Department of Medicine, Ng Teng Fong General Hospital, 1 Jurong East Street 21, Tower A Level 8, Singapore, 609606, Singapore.
Department of Medicine, Division of Endocrinology, National University Health System, 1E Kent Ridge Road, NUHS Tower Block Level 10, Singapore, 119228, Singapore.
J Med Case Rep. 2023 Mar 17;17(1):96. doi: 10.1186/s13256-023-03820-5.
Resistance to dopamine agonists is not uncommonly seen in prolactinomas. However, development of resistance to dopamine agonists after an initial period of robust treatment response is rare, and only 39 cases have been reported in the past four decades. We describe a Chinese man with this rare condition and explored the postulated mechanisms that may explain this phenomenon. We compiled similar cases that were previously reported and compared their etiology, progress, and response to treatment. On the basis of these cases, we derived a list of differential diagnoses to consider in patients with secondary resistance to dopamine agonists.
A 63-year-old Chinese man presented with blurred vision and was subsequently diagnosed with a macroprolactinoma. He had initial response to cabergoline but developed secondary resistance to it after 5 years.

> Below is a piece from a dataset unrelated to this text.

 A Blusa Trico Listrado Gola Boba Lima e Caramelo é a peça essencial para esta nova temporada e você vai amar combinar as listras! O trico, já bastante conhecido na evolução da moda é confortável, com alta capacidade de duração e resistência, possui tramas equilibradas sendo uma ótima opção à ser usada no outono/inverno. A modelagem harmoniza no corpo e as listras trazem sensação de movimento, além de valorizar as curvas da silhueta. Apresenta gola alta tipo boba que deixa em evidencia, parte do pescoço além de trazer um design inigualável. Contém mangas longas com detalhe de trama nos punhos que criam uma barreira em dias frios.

The prolactinoma continued to grow, and his serum prolactin remained markedly elevated despite adherence to escalating dosages of cabergoline up to 6 mg/week. The patient finally underwent transsphenoidal surgery and was found to have a sparsely granulated lactotroph tumor with Ki-67 index of 5%. Postoperatively, there was improvement in his serum prolactin level, although he still required treatment with cabergoline at 6 mg/week.

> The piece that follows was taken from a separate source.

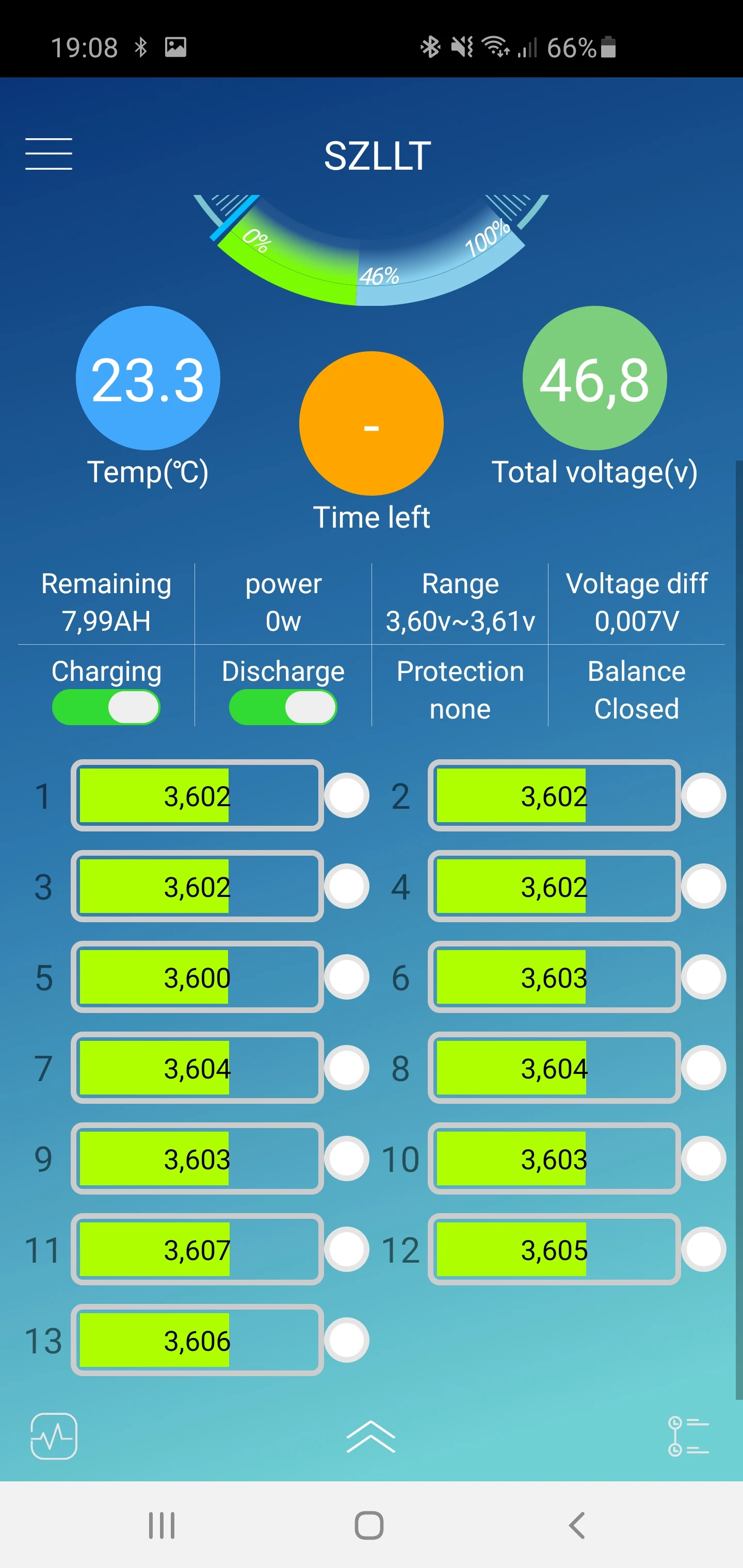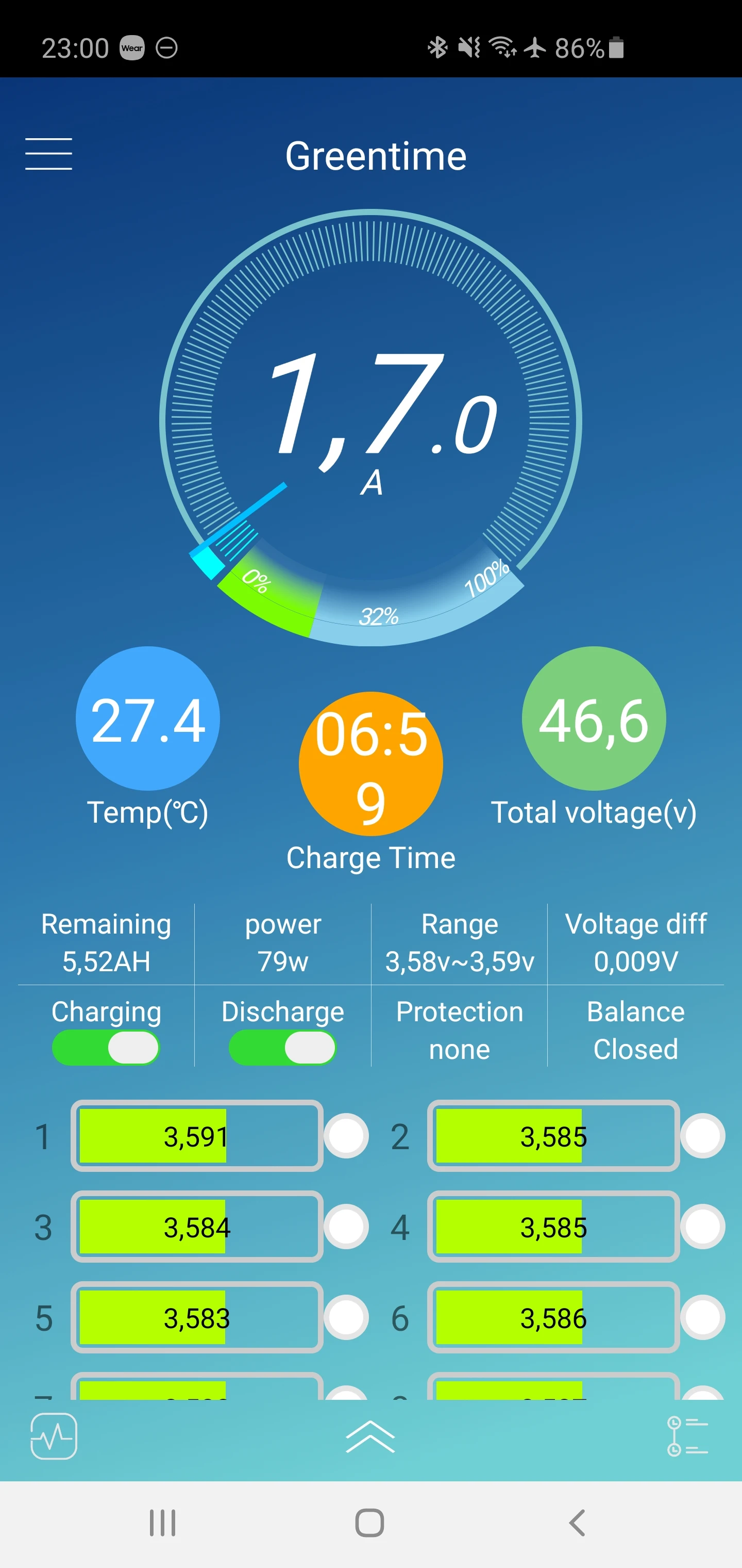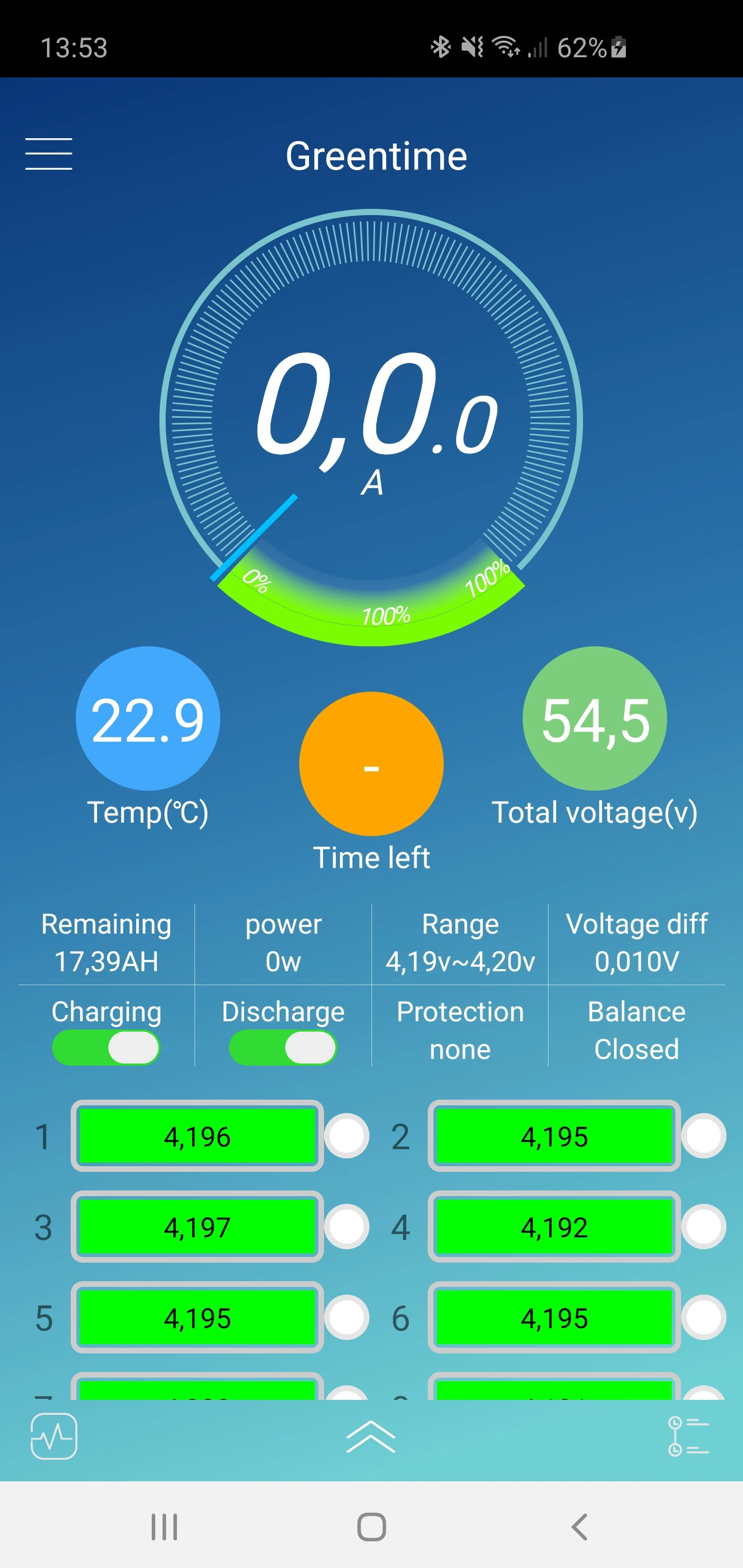 Заказывал у этого продавца две bms платы таких же параметров. Одна работает надежно и без проблем. Вторая оказалась бракованная, что выявилось лишь в процессе эксплуатации спустя полгода с момента покупки. Сейчас взял третью. Качество упаковки среднее. Плата не защищает от повышенного напряжения и не защищает от перезаряда. Защита от перезаряда может сработать а может и нет. Рекомендую заряжать батарею под бдительным присмотром, а не надеяться на полную автономность балансировочных резисторов. Оформление приложения приятное. Bluetooth -modul работает хорошо. Просьба к изготовителю запустить в производство bms 48v 100A и 48v 120A

Surgery can facilitate disease control in patients with prolactinomas that develop secondary resistance to dopamine agonists. Malignant prolactinoma is an important differential diagnosis in this group of patients, especially when serum prolactin remains markedly elevated despite resolution or stability of the primary pituitary lesion, suggesting a metastatic source of prolactin secretion.
多巴胺激动剂在催乳素瘤中并不少见。然而,在初始治疗反应良好后,对多巴胺激动剂产生耐药性的情况非常罕见,在过去的四十年中仅报道了 39 例。我们描述了一例中国男性出现这种罕见情况,并探讨了可能解释这种现象的假设机制。我们收集了以往报道的类似病例,并比较了它们的病因、进展和对治疗的反应。在此基础上,我们列出了继发性对多巴胺激动剂耐药患者需要考虑的鉴别诊断。

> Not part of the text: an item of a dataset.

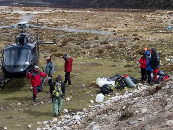 We awoke the next morning, a little before 6 AM, to the sounds of helicopter traffic heading up the valley. We received word that all of the critically ill and wounded from Everest Base Camp would be evacuated to our facility, and we quickly began preparing for the possibility of significant patient volume. This is exactly the type of mass casualty situation that my emergency medicine and wilderness medicine training prepared me for. Our clinic has two inpatient beds, one consult room bed, and another extra bed in our research room. Our physician staff includes me, Andrew Nyberg from the U.S., and Katie Williams from the U.K. Meg Walmsley from Australia, one of the Everest ER physicians, descended via helicopter that morning to assist with the large patient influx. Gobi Bashyal, our clinic manager, leaped into action and began making phone calls to the surrounding areas and country officials to obtain the necessary manpower and helicopters, while Thaneshwar Bhandari, our assistant manager, began assisting us with preparations. We quickly mobilized the sunroom into a patient facility, and the owner of the Panorama lodge next door, whose lodge was one of just two that had been unaffected by the quake, graciously donated his dining room. We received approximately 10 critically ill patients first and placed them in the clinic and sunroom — many on makeshift beds placed on the floor. There was a mix of Nepalis and international patients. Approximately 20-30 more suffered major injuries and were unable to ambulate. I cared for the most critically ill patients in the clinic and sunroom. In total, we saw and evacuated an estimated 73 patients, including many “walking wounded.” We utilized disaster training and placed large white stickers on patients with their names, injuries, vital signs, and medication administration times. Our resources here include intravenous fluids, medications, and ultrasound. However, we are a remote post without access to blood products or the ability to perform subspecialty procedures that many patients required. Luckily, the weather cleared, and we were able to arrange further evacuation down to the hospital in Lukla, which had more resources. Numerous helicopters, including an MI-17 — which could hold 16-18 patients — made many trips as all patients were evacuated over a 5-hour period.

一名 63 岁的中国男性因视力模糊就诊,随后被诊断为垂体大腺瘤。他最初对卡麦角林有反应,但 5 年后出现继发性耐药。尽管他坚持服用卡麦角林(剂量增加至每周 6mg),但催乳素瘤仍继续生长,血清催乳素仍明显升高。患者最终接受了经蝶窦手术,发现为稀疏颗粒状催乳素细胞瘤,Ki-67 指数为 5%。术后,血清催乳素水平有所改善,但仍需每周服用 6mg 的卡麦角林。
对于对多巴胺激动剂产生继发性耐药的催乳素瘤患者,手术可以有助于控制疾病。在这组患者中,恶性催乳素瘤是一个重要的鉴别诊断,特别是当血清催乳素水平尽管原发性垂体病变已缓解或稳定,但仍明显升高时,提示存在催乳素分泌的转移性来源。